*WORK REQUIRED*
A faithful copy is needed of the lines below from the one with "कोरबा में होगा" up to and including the one with "- ارائه محتوای"; set it down with no pictures and no other lines.

(Beginning of DATASET ENTRIES)

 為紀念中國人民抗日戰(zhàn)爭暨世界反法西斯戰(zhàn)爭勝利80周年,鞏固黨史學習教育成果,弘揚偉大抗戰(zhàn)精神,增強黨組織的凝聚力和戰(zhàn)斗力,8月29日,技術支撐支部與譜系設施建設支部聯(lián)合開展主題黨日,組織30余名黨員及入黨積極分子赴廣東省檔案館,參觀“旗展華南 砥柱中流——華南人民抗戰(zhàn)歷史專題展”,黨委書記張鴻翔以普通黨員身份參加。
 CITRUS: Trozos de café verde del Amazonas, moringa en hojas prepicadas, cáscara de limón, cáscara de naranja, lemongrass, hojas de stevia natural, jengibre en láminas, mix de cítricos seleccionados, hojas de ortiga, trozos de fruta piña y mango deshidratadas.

(End of DATASET ENTRIES)
(Beginning of DATASET ENTRIES)

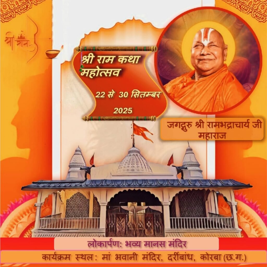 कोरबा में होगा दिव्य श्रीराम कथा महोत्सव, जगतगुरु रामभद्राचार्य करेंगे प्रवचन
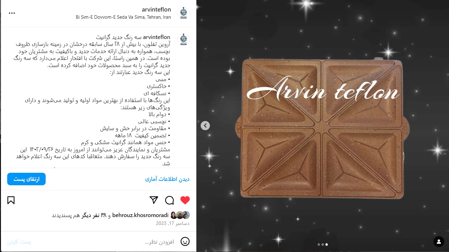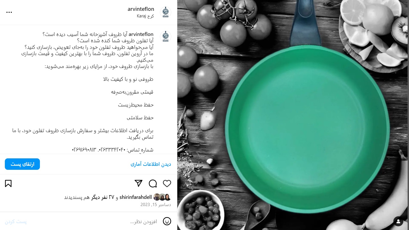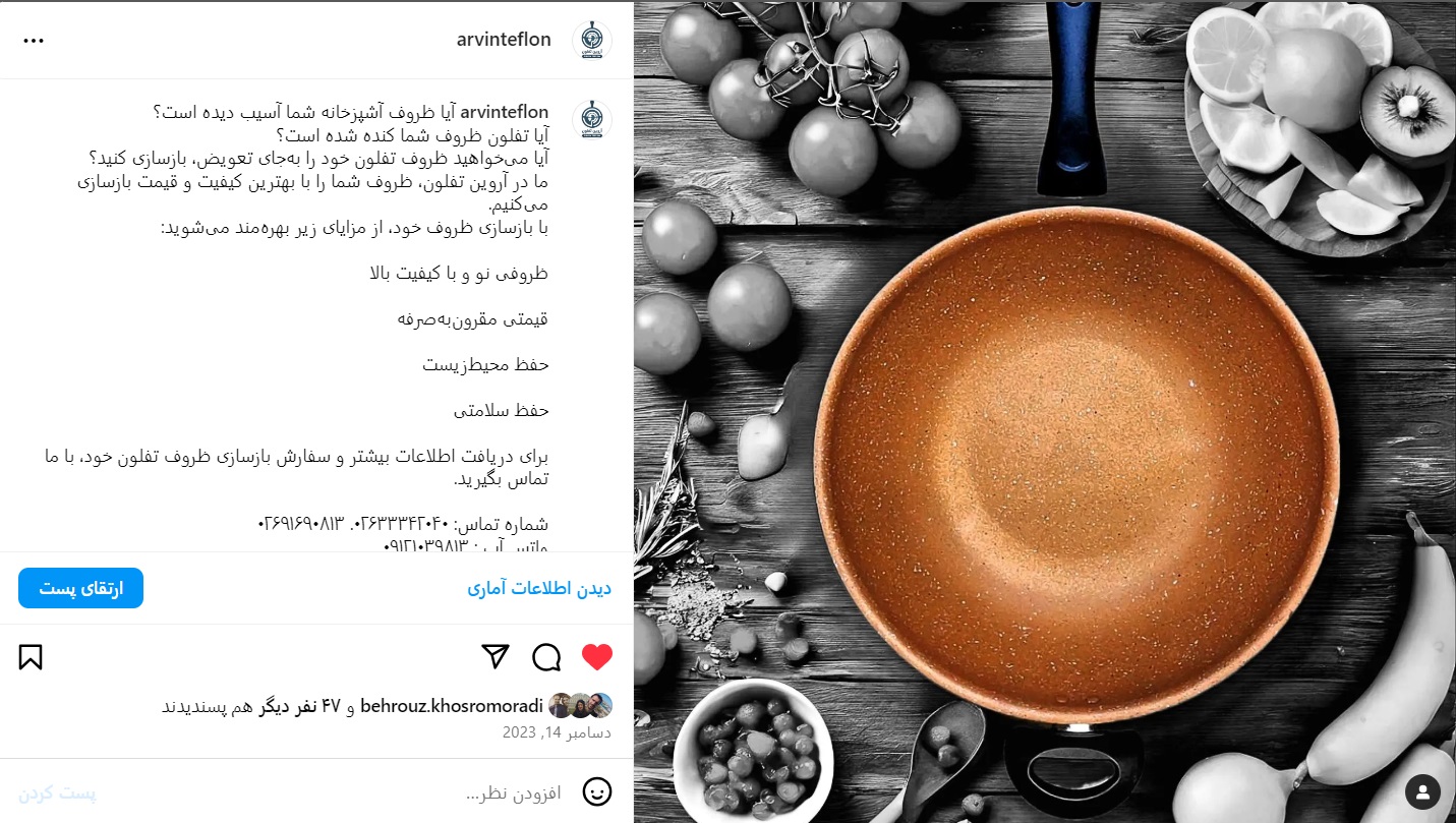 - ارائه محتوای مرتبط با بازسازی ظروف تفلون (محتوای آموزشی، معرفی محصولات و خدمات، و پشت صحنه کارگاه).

(End of DATASET ENTRIES)
(Beginning of DATASET ENTRIES)

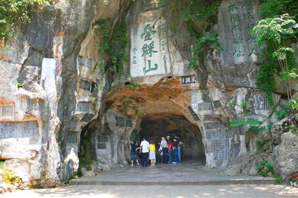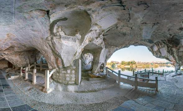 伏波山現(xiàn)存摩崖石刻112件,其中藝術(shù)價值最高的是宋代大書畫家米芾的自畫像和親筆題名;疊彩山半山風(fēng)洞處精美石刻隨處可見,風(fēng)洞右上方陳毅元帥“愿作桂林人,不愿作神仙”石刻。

(End of DATASET ENTRIES)

*RESULT*
 कोरबा में होगा दिव्य श्रीराम कथा महोत्सव, जगतगुरु रामभद्राचार्य करेंगे प्रवचन
 - ارائه محتوای مرتبط با بازسازی ظروف تفلون (محتوای آموزشی، معرفی محصولات و خدمات، و پشت صحنه کارگاه).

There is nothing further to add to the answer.